# Interpreting the Supernova Data

1. Sep 8, 2010

### JDoolin

I have been arguing the case that the universe may be a modified Milne model. Let me ask my questions first.

http://www.astro.ucla.edu/~wright/sne_cosmology.html

Questions
1) The "binned data" appear to be points with constant redshift (y-axis), but with error-bars in the luminosity distance. (x-axis). How many supernovae make up each of the "bins." Better yet, is there a similar graph that simply shows one dot per data-point?
2) The remaining graphs on the page all refer to $\DELTA D M$. What is this quantity?
3) I believe this data appear http://arxiv.org/abs/0804.4142" [Broken]. Is there a copy of this data anywhere in spreadsheet format?
4) Also, what are z, m(max B), s, c, mu? Are these sufficient to find Right Ascension, Declination, Luminosity Distance, and Redshift?

Now, if you're curious about the modified Milne model:

In the Milne model, all of the universe explodes from a single event. A fixed "point" in space is stationary in only one reference frame. On the other hand, a fixed event can be the center of an expanding sphere in any and every reference frame.

The particles in the Milne universe are least dense in the center, and much more dense on the outside. Any observer in the Milne universe will be co-moving (but not necessarily co-located) with the center, in his own reference frame.

There is some argument that the Milne model can only represent an empty universe. I acknowledge that I have never understood this argument. Milne's own analysis was that there had to be an infinite amount of matter in the causally connected portion of the universe. The density of particles increases towards infinity at the outside edges.

The reason I wish to modify the Milne model is to add two or three major events. These events are sudden accelerations of our galaxy or explosions of the matter around our galaxy, while the universe was still very dense, well before our galaxy actually spread out into stars.

I found that an http://groups.google.com/group/sci.astro/msg/2751e0dc068c725c?hl=en" in the supernova data seemed consistent with this modified Milne Model.
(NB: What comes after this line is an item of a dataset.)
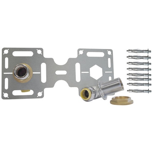 Le kit platine de raccordement de douche Toutub pour cloison plaque de plâtre de diamètre 16 de chez Boutté est en laiton. Le raccord femelle 15x21 (1/2"), le mâle 20x27 (3/4"). Une tenue en pression de 16 bars, une température maximum 80°C. Comme leur nom l’indique, les raccords TOUTUB permettent de connecter entre eux des tubes cuivre, multicouche et PER sans outils et en toute sécurité. Ils conviennent aussi bien pour une rénovation, une extension, qu’une installation complète. 1 seul raccord pour 3 types de tubes, le raccord se montant sans outils, installation rapide, démontables et réutilisables. Montage sur tube cuivre, insérer le tube dans le raccord jusqu'au contact de l'anneau en acier inox. Puis pousser en exerçant une rotation jusqu’en butée. Après le Clic, c'est installé. 100% étanche grâce au joint torique (EPDM). Stabilité, joint en acier inoxydable à griffe conçu pour empêcher l'arrachement du raccord. Solidité, corps en laiton, le raccord peut être peint. Pratique, même installé, le tuyaux reste libre en rotation permettant une installation dans les endroits exigus. Si vous utilisez des tubes PER ou multicouche vous devez mettre en place l'insert adapté avec la connexion. Préparation du tube, après avoir percé 2 trous de diamètre 63 mm à l'aide d'une scie cloche (entraxe 150 mm), sortir les tubes, les couper à la bonne longueur, ébavurer, chanfreiner et calibrer en 1 seul geste. Insérer chaque coude dans le trou de l'hexagonal de la platine. Le 6 pans empêche alors le coude de tourner, quel que soit le sens d'arrivée du tube. Visser le contre-écrou sur le coude. Positionner la platine à l'aide d'un niveau à bulle, ou grâce au 4 petits trous horizontaux, à l'aide d'un niveau laser. Percer les 8 trous dans la cloison en veillant à ne pas percer les tubes.

Last edited by a moderator: May 4, 2017
2. Sep 9, 2010

### Chalnoth

It's not that difficult. You take General Relativity with some reasonable choice of coordinates (e.g. spherical with constant curvature), set the stress-energy tensor to zero, and you get the Milne model.

3. Sep 9, 2010

### phyzguy

No comment on your other questions, but DM refers to Distance Modulus, which is the difference between the apparent and absolute magnitudes.

4. Sep 9, 2010

### JDoolin

Thank Goodness. With the references to the lambda-DM model, I was afraid DM stood for dark matter.

5. Sep 9, 2010

### JDoolin

Unfortunately, that's still word salad to me. I'm trying to get a handle on general relativity https://www.physicsforums.com/showthread.php?t=424686"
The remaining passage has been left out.